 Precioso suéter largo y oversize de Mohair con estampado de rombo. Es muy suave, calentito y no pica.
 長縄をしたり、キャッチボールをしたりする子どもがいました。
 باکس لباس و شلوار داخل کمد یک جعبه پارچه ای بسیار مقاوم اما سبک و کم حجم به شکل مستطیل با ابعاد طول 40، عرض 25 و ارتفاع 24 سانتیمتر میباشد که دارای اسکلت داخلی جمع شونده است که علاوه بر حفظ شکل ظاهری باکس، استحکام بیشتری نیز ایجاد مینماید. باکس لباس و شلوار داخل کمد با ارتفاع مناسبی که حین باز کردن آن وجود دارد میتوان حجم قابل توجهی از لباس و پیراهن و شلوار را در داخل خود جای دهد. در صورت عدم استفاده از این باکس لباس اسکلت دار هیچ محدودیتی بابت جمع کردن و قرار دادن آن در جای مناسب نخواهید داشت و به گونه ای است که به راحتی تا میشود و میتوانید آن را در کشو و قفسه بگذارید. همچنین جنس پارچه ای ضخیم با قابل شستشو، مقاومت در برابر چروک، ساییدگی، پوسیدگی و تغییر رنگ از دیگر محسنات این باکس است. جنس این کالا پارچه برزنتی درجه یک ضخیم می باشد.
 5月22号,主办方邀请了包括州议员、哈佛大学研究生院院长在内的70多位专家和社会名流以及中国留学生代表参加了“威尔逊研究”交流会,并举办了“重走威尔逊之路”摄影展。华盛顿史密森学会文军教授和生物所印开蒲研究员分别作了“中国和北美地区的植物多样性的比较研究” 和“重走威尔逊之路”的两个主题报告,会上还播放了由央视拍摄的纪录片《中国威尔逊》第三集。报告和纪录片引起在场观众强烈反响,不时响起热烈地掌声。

****

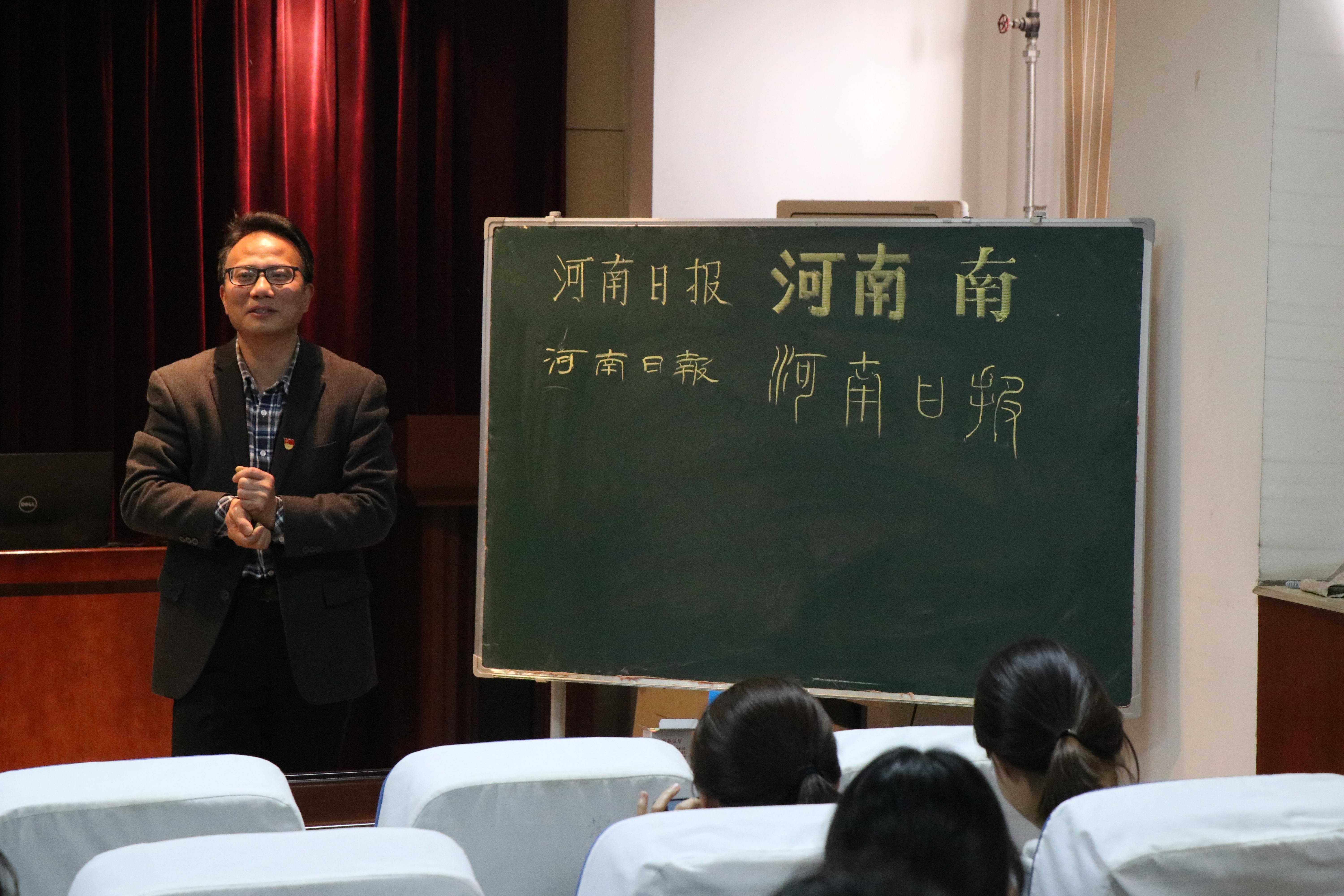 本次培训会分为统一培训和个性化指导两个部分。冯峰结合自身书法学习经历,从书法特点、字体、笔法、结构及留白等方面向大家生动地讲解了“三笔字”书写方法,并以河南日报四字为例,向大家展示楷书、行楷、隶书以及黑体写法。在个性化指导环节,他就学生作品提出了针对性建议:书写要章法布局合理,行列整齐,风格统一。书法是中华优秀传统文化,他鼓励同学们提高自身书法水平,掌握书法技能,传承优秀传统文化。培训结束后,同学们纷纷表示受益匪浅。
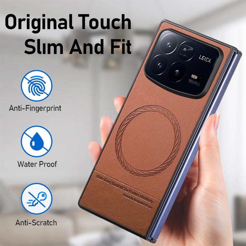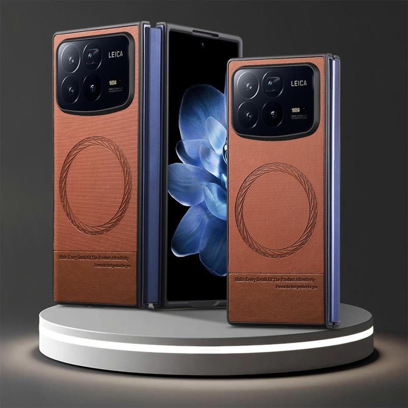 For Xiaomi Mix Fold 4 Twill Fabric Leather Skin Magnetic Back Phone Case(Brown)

****

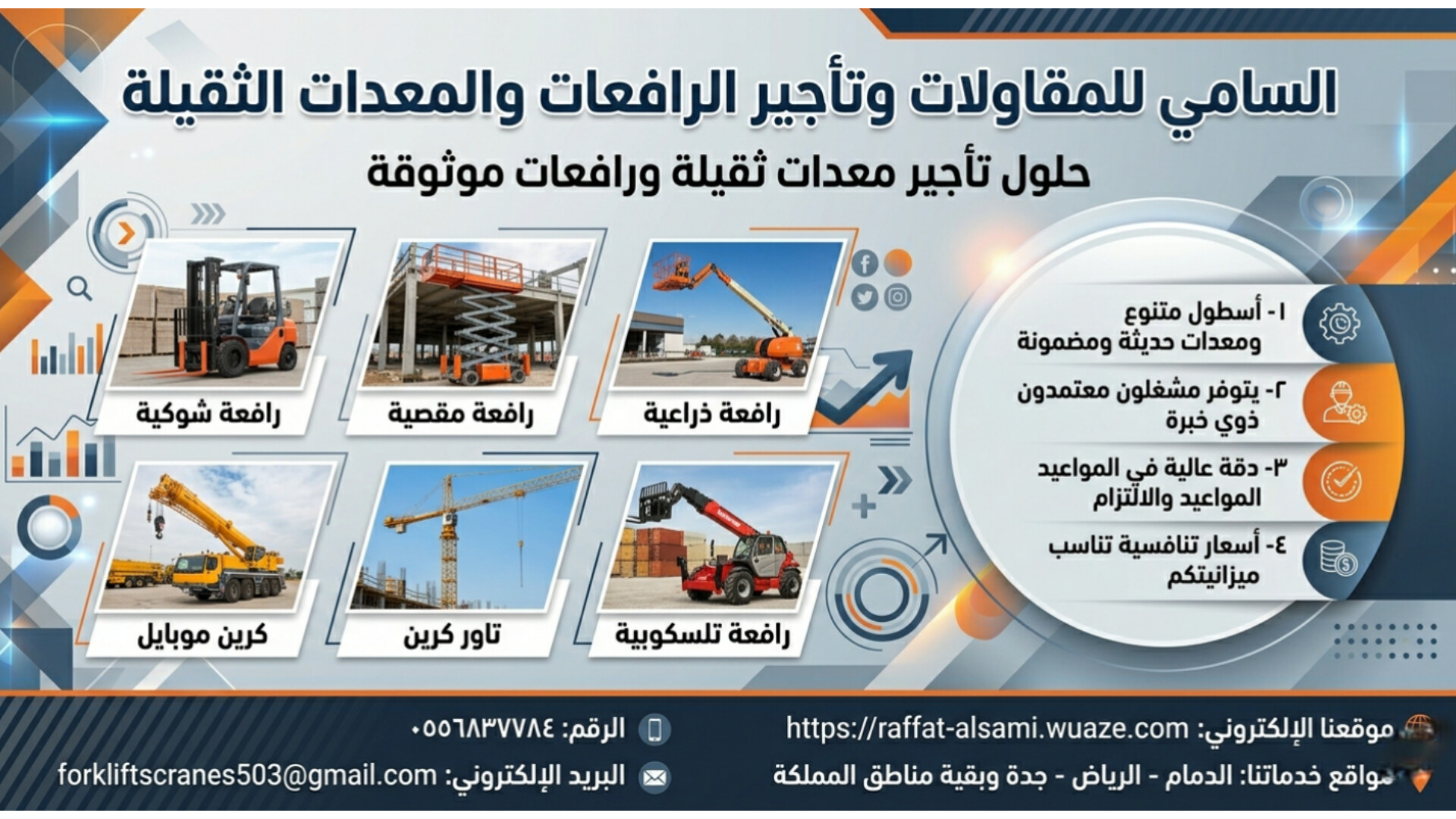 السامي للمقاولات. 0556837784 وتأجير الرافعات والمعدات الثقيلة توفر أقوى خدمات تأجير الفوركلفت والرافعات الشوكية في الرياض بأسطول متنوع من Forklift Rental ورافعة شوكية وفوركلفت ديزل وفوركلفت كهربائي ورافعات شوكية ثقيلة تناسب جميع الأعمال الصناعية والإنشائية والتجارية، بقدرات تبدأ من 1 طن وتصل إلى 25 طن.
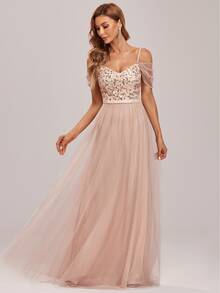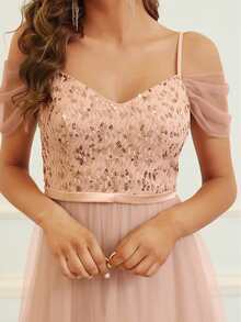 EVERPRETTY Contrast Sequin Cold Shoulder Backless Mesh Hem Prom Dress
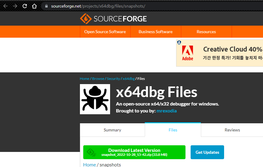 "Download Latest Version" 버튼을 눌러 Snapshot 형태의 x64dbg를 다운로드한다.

****

Work required: Above are the records; print exactly the lines from the line with "Precioso suéter largo" to the line with "長縄をしたり、キャッチボールをしたりする子どもがいました。", including both, and nothing else.

Task answer:
 Precioso suéter largo y oversize de Mohair con estampado de rombo. Es muy suave, calentito y no pica.
 長縄をしたり、キャッチボールをしたりする子どもがいました。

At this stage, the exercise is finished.